§ GIVEN RECORDS

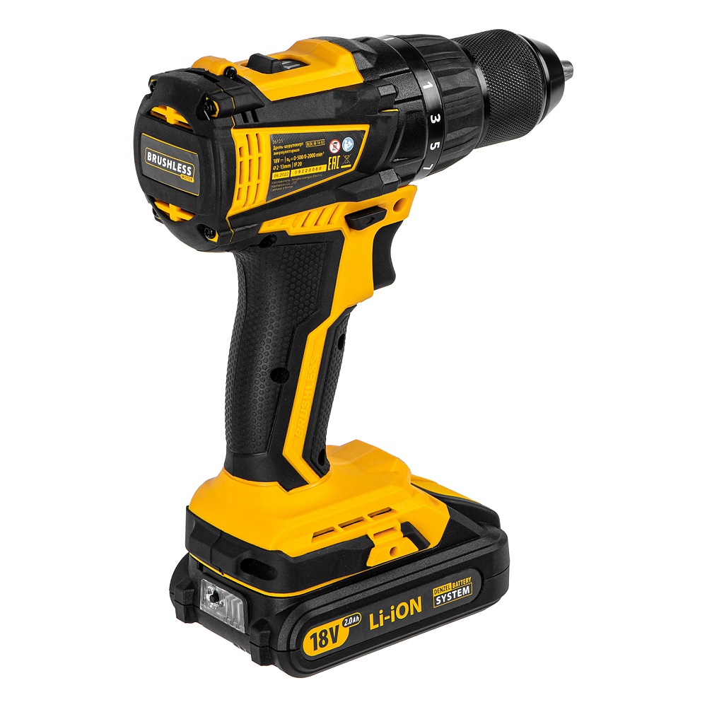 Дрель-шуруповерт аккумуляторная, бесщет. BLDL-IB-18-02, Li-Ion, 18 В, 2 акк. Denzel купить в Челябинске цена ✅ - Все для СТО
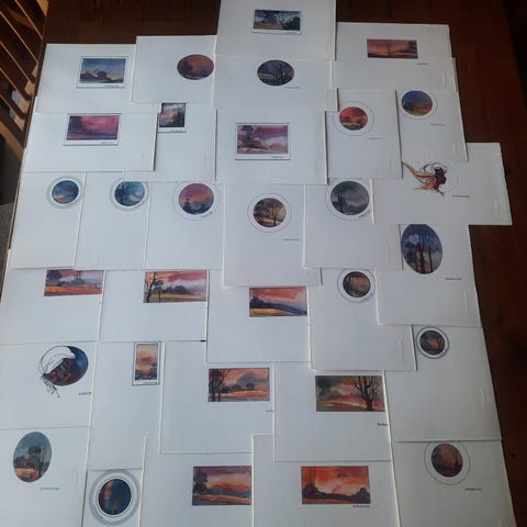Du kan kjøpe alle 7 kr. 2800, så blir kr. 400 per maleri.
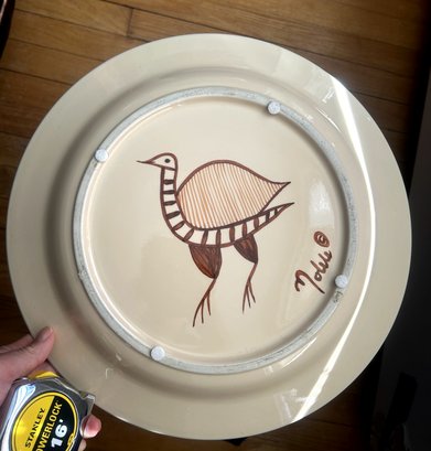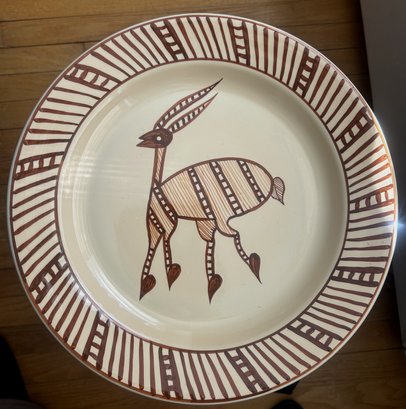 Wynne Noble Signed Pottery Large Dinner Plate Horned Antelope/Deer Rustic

* * *

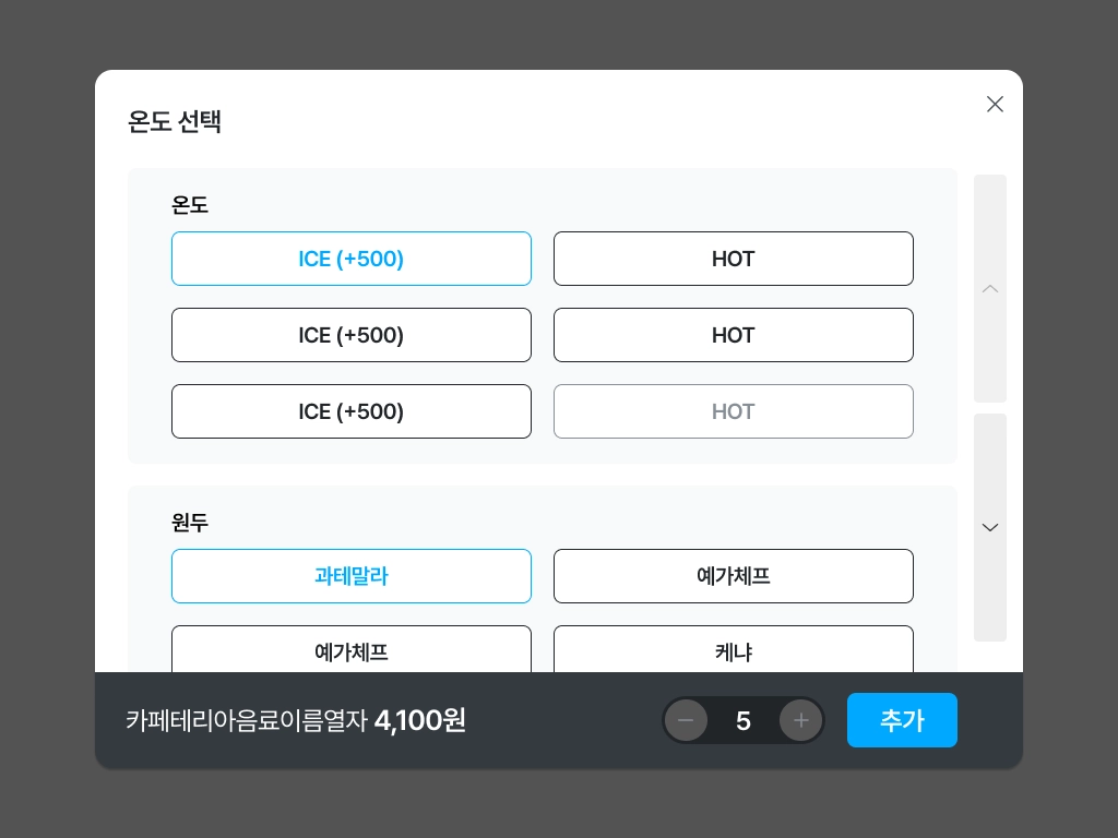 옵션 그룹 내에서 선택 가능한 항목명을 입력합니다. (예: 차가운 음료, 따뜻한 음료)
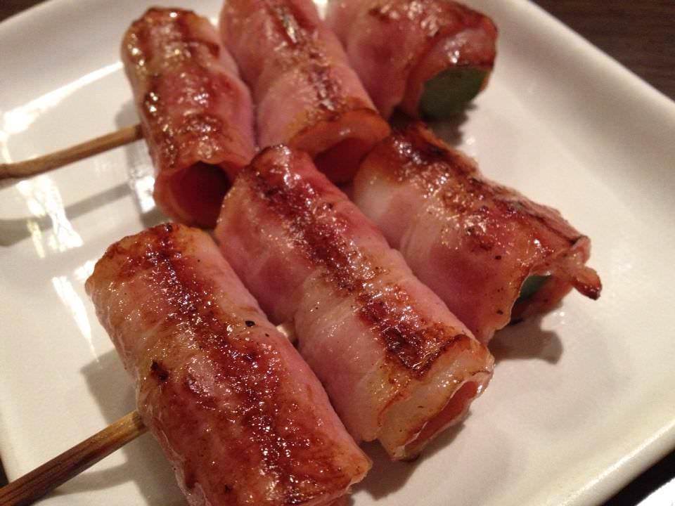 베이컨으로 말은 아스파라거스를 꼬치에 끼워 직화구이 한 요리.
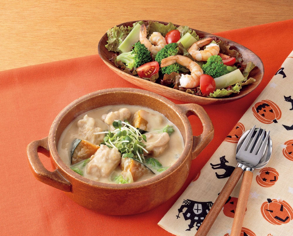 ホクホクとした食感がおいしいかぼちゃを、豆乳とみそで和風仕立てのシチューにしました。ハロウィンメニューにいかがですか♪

§ TASK ITEM
When you reach the line that has "옵션 그룹 내에서 선택" in the data above, start repeating lines exactly, and stop after the line that has "ホクホクとした食感がおいしい"; pictures stay out.

§ YOUR SOLUTION
 옵션 그룹 내에서 선택 가능한 항목명을 입력합니다. (예: 차가운 음료, 따뜻한 음료)
 베이컨으로 말은 아스파라거스를 꼬치에 끼워 직화구이 한 요리.
 ホクホクとした食感がおいしいかぼちゃを、豆乳とみそで和風仕立てのシチューにしました。ハロウィンメニューにいかがですか♪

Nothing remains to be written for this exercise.